Taken aback, I was reminded of the Islamist doctrine of Taqiyaa, a dissimulation methodology employed to hide one's true agenda, which recommends appearing harmless to one's adversary with the objective of having them lower their guard.After the TV show, I did some research on Tariq Ramadan's position on Sharia law. In the issue of Egypt Today of October 2004, he wrote:

"The Muslims in Canada's battle to set up shariah courts to settle domestic disputes is another example of lack of creativity. Within the normative law in Canada, they have huge latitude for Muslims to propose an Islamic contract. These courts are not necessary; all they do is stress the fact that Muslims have specific laws and for the time being this is not how we want to be perceived. (emphasis mine). We need to show that our way of thinking is universal, that we can live with the law and there is no contradiction."

He continued:

"The term shariah in itself is laden with negative connotations in the Western mind. There is no need to stress that."

If I needed an example of doublespeak and dissimulation, I had found it.

On Thursday, the Muslim Canadian Congress and the Montreal-based Point de Basqule took out a full page advertisement in Le Devoir welcoming Ramadan to Quebec and Canada, but exposing the hidden agenda that has mesmerized so many naïve Westerners.

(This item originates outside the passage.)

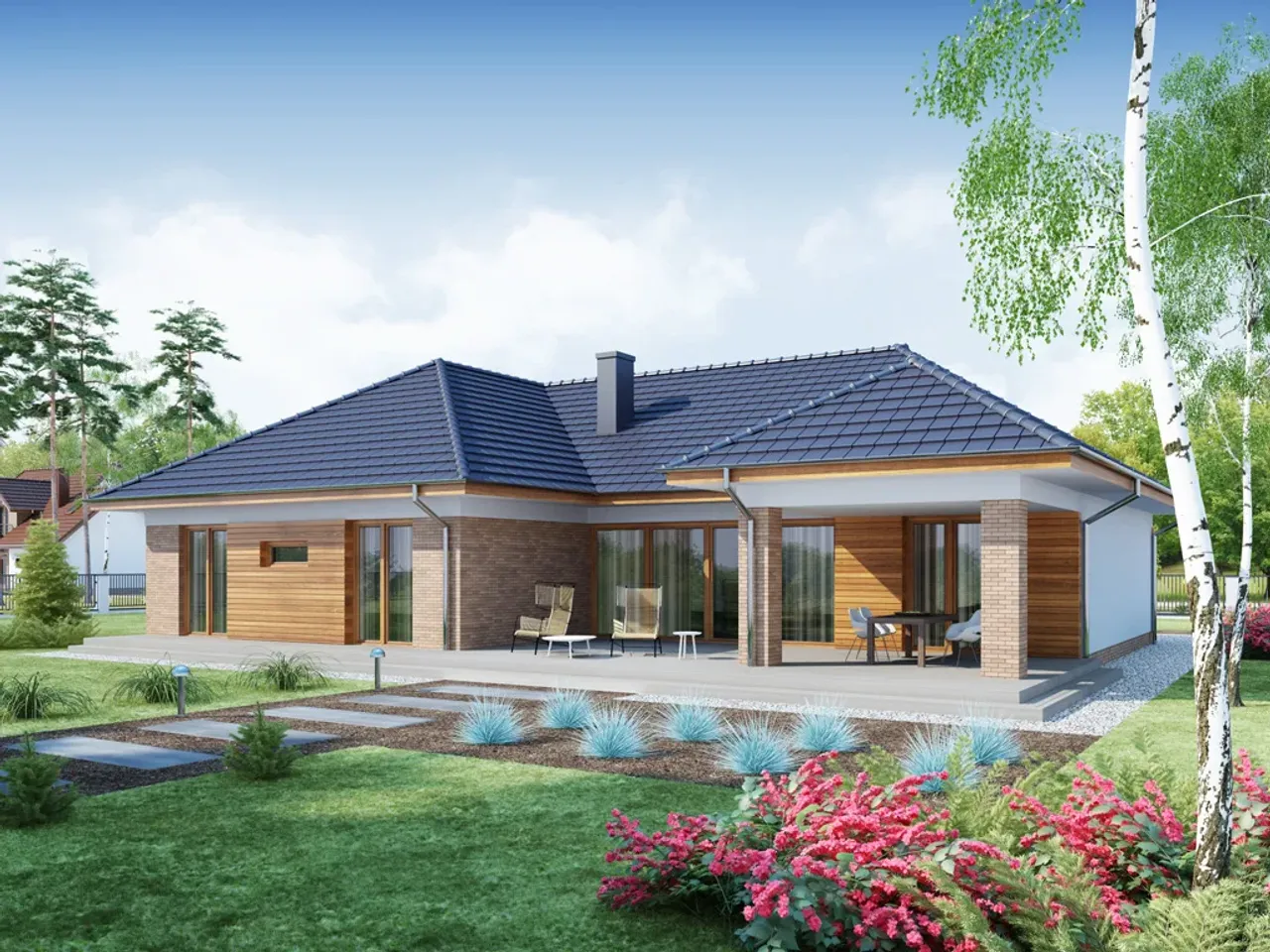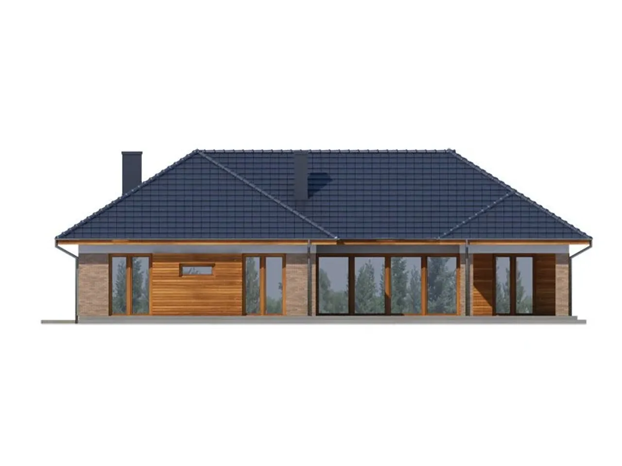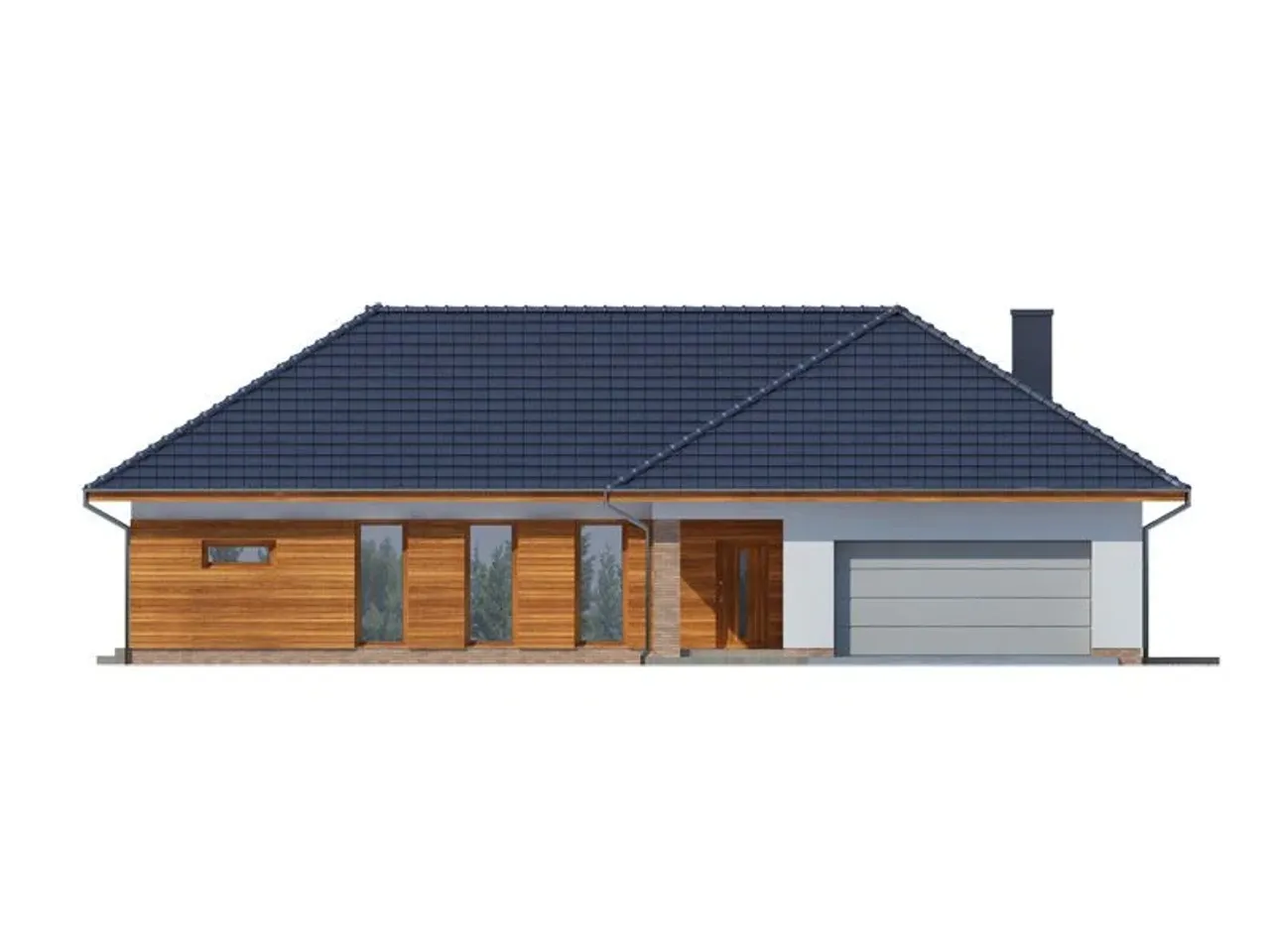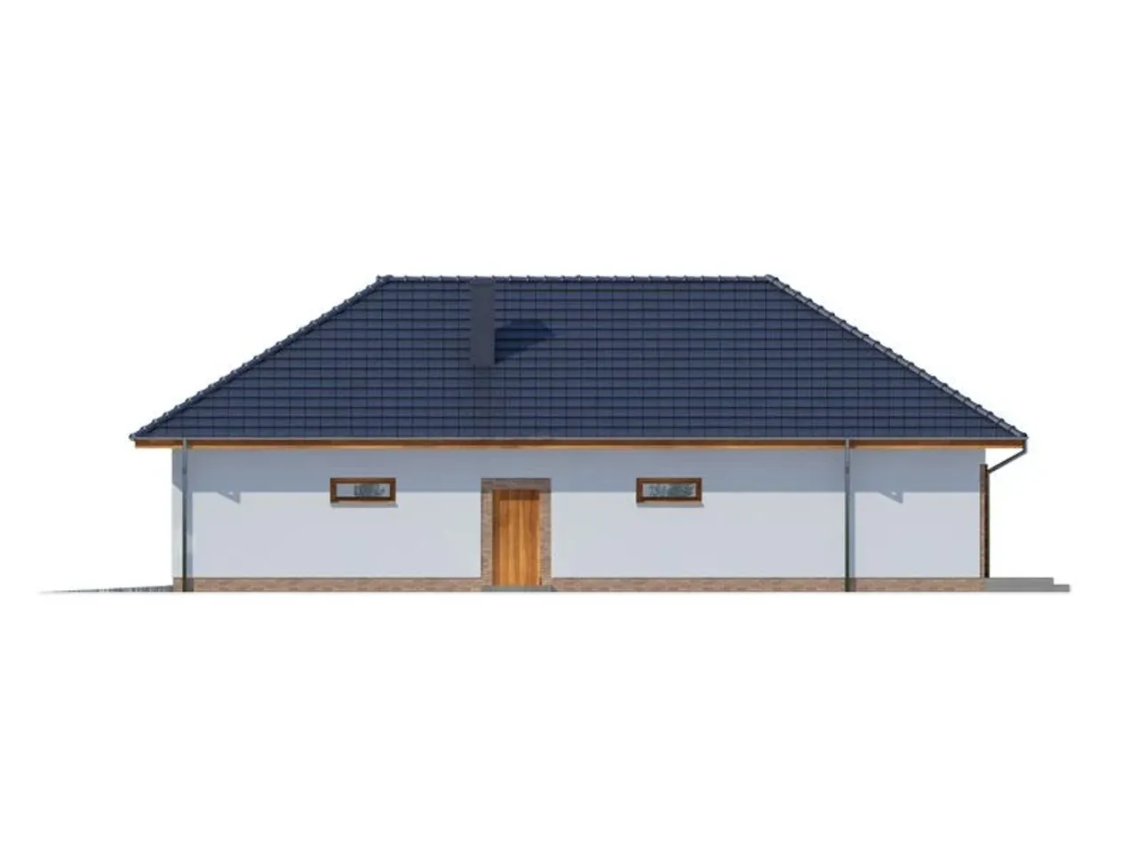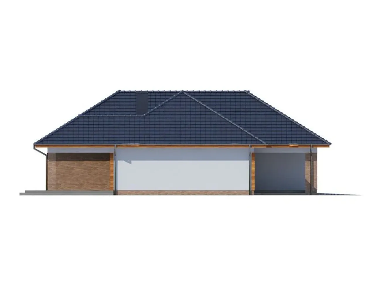 Projekt domu Georgina 2 PS to parterowy dom pokryty dachem wielospadowym, Od strony frontowej budynku znajdują się zadaszone drzwi wejściowe oraz wjazd do garażu dwustanowiskowego, z którego możemy dostać się do dużego pomieszczenia gospodarczego. W projekcie domu Georgina 2 PS salon został bardzo dobrze doświetlony światłem dziennym, bezpośrednio z niego możemy dostać się na częściowo zadaszony taras.

Titled, "Greetings to You, Oh My Brother!", Point de Bascule and the MCC described Ramadan as an Islamist ideologue who pretends to be a moderate, but acts otherwise. This was best reflected in his refusal to outrightly condemn the practice of stoning women. He has asked for a ‘moratorium' on such barbaric punishments.

Tariq Ramadan's conference on Friday evening is organized by a group of his disciples, but has the backing of many on the left as well as such partners as the l'Institut du Nouveau Monde and the Quebec Ministry of Immigration and Cultural Communities.

Ramadan reflects the new sophisticated arm of the worldwide Islamist movement, which sees the West as the right place to wage a cultural and intellectual jihad. It preys on Muslim youth who are tired of the old guard; men in beards and long frocks, frothing as they denounce the evil West. The new technique is to undermine the West from within, like parasites and termites, with the host society never knowing what hit it, until it is too late. UK is one example.

Those dazzled by the charm of the new Islamists need to recognize that Tariq Ramadan in 2003 praised a book written by Yusuf Al-Qaradawi, the radical Islamist sheik based in Qatar; the man who justified suicide bombing. Ramadan hosts a weekly show on the Iranian government's PressTV network. He has never dissociated himself from the Iranian regime, not even during the repression of protesters who were opposed to the "re- election" of President Mahmoud Ahmadinejad. As young Muslim men and women were being beaten up and tortured by the Iranian regime, Ramadan was quite happy to give the Iranian ayatollahs a pretty face.

I close with the words of French Muslim journalist Mohamed Sifaoui: "Tariq Ramadan is an Islamist. He is among those who want political Islam, the European version of the Muslim Brotherhood, to infiltrate institutions, society, associations, parties, the media and so on, in order to pressure these same societies, to "reform" them from inside, to Islamize them or re-Islamize them, the better to pervert them, to progressively bring them to accept a medieval vision of the Muslim religion."

Brother Tariq, your father Said Ramadan came to my birthplace Pakistan in 1948 as a Muslim Brotherhood emissary and was instrumental in turning a secular Muslim country into a hotbed of Islamic extremism. I will not let the son of Said Ramadan come to my adopted home Canada and do the same, without a fight. Your Islamist father ruined my birthplace; I will not let you ruin the place where I will die.

National Post.

Tarek Fatah is a Toronto writer and broadcaster. He is the author of Chasing a Mirage: The Tragic Illusion of an Islamic State (Wiley 2008).